▶ **Work item**
Repeat exactly the lines below that lie between the line with "Zertifikat und Report" and the line with "本次培訓邀請了呼吸內科周敬奎", counting both of those lines as part of the answer.

▶ **Excerpts from a dataset**
>>>>

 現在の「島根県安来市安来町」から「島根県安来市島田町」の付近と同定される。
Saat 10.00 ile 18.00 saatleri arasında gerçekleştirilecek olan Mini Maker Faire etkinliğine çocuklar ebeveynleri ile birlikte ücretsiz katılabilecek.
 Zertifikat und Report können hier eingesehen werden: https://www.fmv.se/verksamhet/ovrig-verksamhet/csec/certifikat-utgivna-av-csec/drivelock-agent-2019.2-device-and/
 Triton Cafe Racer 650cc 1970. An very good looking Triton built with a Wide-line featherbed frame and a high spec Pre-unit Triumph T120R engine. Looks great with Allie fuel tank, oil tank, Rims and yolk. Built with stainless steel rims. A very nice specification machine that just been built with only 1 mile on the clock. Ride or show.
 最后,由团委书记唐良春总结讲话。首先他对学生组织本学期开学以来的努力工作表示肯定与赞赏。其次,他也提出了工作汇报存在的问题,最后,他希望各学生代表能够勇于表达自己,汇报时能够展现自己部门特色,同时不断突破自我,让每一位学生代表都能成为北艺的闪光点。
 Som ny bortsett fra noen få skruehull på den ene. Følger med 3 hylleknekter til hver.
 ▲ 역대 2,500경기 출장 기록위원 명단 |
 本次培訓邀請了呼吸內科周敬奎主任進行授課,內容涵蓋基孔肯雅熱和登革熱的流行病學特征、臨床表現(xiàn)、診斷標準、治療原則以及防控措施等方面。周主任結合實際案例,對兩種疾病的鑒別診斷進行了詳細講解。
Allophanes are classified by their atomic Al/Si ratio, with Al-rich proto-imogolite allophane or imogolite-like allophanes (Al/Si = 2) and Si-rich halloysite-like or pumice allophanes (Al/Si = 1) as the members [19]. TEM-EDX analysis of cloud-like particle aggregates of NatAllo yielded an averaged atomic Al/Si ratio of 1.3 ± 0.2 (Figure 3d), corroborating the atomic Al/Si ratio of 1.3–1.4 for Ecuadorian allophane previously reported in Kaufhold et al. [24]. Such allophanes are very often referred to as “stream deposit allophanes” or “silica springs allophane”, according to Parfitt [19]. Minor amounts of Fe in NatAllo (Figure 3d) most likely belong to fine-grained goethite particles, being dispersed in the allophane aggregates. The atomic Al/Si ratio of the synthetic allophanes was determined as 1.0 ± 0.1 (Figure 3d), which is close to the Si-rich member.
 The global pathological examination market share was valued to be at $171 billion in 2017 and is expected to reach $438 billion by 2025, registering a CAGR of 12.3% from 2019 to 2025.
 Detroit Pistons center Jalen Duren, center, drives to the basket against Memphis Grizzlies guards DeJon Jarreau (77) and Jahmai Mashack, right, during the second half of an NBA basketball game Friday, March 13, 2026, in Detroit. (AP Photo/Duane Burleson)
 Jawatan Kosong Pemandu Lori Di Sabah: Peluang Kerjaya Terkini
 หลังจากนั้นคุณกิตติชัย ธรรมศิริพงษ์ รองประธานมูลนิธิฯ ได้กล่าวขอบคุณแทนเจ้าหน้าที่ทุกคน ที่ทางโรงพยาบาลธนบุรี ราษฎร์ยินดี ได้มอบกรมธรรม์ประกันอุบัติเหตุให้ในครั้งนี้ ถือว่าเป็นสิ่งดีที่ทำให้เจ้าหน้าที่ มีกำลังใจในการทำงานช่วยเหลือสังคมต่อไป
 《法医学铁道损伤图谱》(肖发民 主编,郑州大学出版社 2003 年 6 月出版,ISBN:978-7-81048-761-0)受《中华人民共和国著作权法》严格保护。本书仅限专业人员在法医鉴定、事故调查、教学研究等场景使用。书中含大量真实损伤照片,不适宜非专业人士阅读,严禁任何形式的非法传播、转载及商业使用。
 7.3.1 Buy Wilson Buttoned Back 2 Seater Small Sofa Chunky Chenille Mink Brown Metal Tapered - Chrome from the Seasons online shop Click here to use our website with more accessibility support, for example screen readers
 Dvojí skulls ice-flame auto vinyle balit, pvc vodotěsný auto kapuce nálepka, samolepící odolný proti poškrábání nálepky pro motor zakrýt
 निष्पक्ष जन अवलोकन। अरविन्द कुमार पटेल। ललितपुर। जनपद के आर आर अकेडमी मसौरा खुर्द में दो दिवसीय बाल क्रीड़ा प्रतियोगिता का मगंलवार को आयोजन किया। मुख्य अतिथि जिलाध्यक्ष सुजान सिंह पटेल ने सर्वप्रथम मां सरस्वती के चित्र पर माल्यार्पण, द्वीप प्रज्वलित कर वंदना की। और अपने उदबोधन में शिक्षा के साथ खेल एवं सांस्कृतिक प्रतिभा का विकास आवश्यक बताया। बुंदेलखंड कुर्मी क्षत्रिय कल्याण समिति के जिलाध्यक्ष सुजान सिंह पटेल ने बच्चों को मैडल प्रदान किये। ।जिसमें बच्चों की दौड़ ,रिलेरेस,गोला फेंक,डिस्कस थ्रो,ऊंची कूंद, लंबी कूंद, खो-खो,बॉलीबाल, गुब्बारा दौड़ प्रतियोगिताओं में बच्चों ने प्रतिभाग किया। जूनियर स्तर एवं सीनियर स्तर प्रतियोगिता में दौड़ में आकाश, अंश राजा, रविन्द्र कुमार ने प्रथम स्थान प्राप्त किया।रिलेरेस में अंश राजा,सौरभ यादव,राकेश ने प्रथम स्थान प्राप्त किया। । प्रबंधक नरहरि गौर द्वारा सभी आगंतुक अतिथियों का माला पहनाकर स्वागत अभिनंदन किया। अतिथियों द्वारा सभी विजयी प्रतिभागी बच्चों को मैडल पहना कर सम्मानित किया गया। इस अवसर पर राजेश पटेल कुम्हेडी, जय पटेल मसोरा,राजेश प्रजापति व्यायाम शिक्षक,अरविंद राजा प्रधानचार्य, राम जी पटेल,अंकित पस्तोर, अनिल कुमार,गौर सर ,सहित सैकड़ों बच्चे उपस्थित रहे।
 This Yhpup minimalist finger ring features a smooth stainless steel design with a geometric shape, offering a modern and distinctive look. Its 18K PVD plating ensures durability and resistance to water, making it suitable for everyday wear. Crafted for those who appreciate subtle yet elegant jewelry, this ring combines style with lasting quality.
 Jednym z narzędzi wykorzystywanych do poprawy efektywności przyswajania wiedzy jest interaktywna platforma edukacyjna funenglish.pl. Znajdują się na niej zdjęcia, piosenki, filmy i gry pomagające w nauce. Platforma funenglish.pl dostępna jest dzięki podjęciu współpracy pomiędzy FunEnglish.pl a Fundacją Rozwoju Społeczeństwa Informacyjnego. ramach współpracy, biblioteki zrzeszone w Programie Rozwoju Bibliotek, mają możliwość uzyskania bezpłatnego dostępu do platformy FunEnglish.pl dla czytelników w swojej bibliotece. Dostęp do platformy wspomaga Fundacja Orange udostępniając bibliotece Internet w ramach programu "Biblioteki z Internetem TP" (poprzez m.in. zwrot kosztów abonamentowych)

<<<<

▶ **Answer below**
 Zertifikat und Report können hier eingesehen werden: https://www.fmv.se/verksamhet/ovrig-verksamhet/csec/certifikat-utgivna-av-csec/drivelock-agent-2019.2-device-and/
 Triton Cafe Racer 650cc 1970. An very good looking Triton built with a Wide-line featherbed frame and a high spec Pre-unit Triumph T120R engine. Looks great with Allie fuel tank, oil tank, Rims and yolk. Built with stainless steel rims. A very nice specification machine that just been built with only 1 mile on the clock. Ride or show.
 最后,由团委书记唐良春总结讲话。首先他对学生组织本学期开学以来的努力工作表示肯定与赞赏。其次,他也提出了工作汇报存在的问题,最后,他希望各学生代表能够勇于表达自己,汇报时能够展现自己部门特色,同时不断突破自我,让每一位学生代表都能成为北艺的闪光点。
 Som ny bortsett fra noen få skruehull på den ene. Følger med 3 hylleknekter til hver.
 ▲ 역대 2,500경기 출장 기록위원 명단 |
 本次培訓邀請了呼吸內科周敬奎主任進行授課,內容涵蓋基孔肯雅熱和登革熱的流行病學特征、臨床表現(xiàn)、診斷標準、治療原則以及防控措施等方面。周主任結合實際案例,對兩種疾病的鑒別診斷進行了詳細講解。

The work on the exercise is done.